Mike’s never been one to wear multiple chains and general drip jewels—he said he stopped wearing the big Eric B. and Rakim-type chains because he couldn’t walk the streets with them on—but he knows what he wants when he’s performing. “I wear a rope on stage,” he said. “I’ve always had Man Pieces—a nice ring here, a diamond watch. But I just try to have pieces that are gentlemanly. I try to have pieces that translate well to walking around the street with a t-shirt on, or if I put on a suit and my watch breaks off of my cuff really beautifully.
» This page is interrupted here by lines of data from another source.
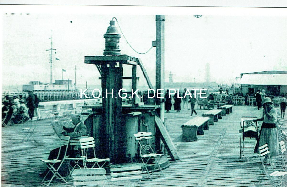Afdruk. - Formaat : 14.5 x 9.5 cm. - Zicht vanaf de kop van het Weststaketsel. We zien de tijseinpost op het Ooststaketsel. De noodvuurtoren op de oosteroever en de derde vuurtoren in aanbouw. Periode midden de jaren twintig in het interbellum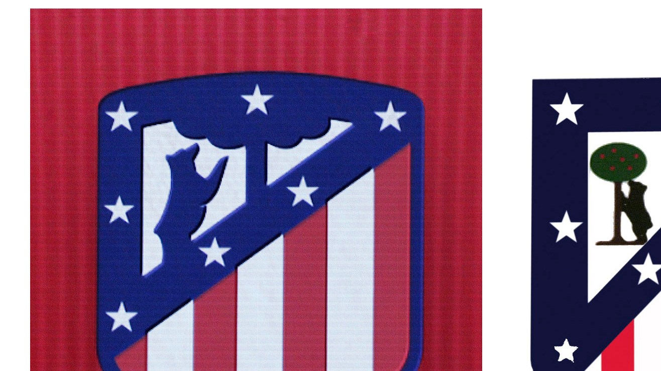 El de la izquierda es el escudo actual del Atlético de Madrid. A la derecha, el escudo anterior que volverá a partir de 2024 Crédito: Víctor Lerena | EFE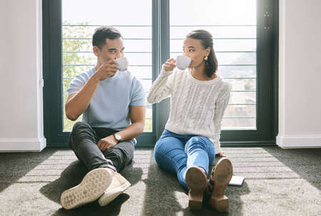 Our first cup of tea in our new home. Full length of a young couple sitting together in their new home and enjoying a cup of tea.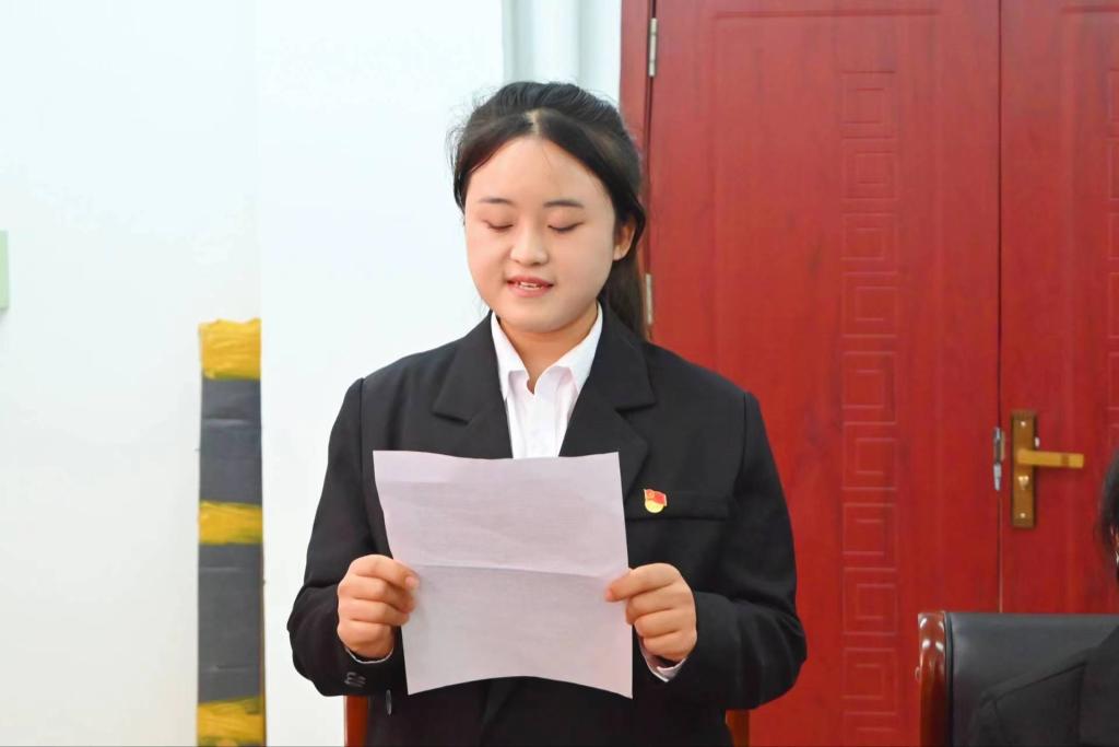 仪式第三项,由王鑫昕代表新接收的预备党员进行发言。她表示,“组织上入党一生一次,思想上入党一生一世”,不仅仅是从组织上入党,更要从思想上入党。在今后的日子里将会用党员的标准严格要求,对目前存在的不足和缺点加以改正,以更加饱满的热情投入到学习和工作中,自觉接受监督,以实际行动履行党员义务。并提到新时代的中国青年要以实现中华民族伟大复兴为己任,增强做中国人的志气、骨气、底气,不负时代,不负韶华,不负党和人民的殷切期望!

You know what I’m saying, an alligator skin band, a diamond face, so it breaks really well.”

After leaving Rafaello’s—after checking out a giant Atlanta Falcons pendant that was made expressly for The-Dream—Mike walked into Aqua Master Watches and Jewelry, where Izzy The Jeweler (who calls himself the “King of Cubans”—links, not cigars) began trying to talk him into a heavy link chain. “They always tell you the weight first,” Mike counseled after checking out a 540 gram gold chain, which worked out to $21,000, before asking rhetorically, “How many shows does this cost?”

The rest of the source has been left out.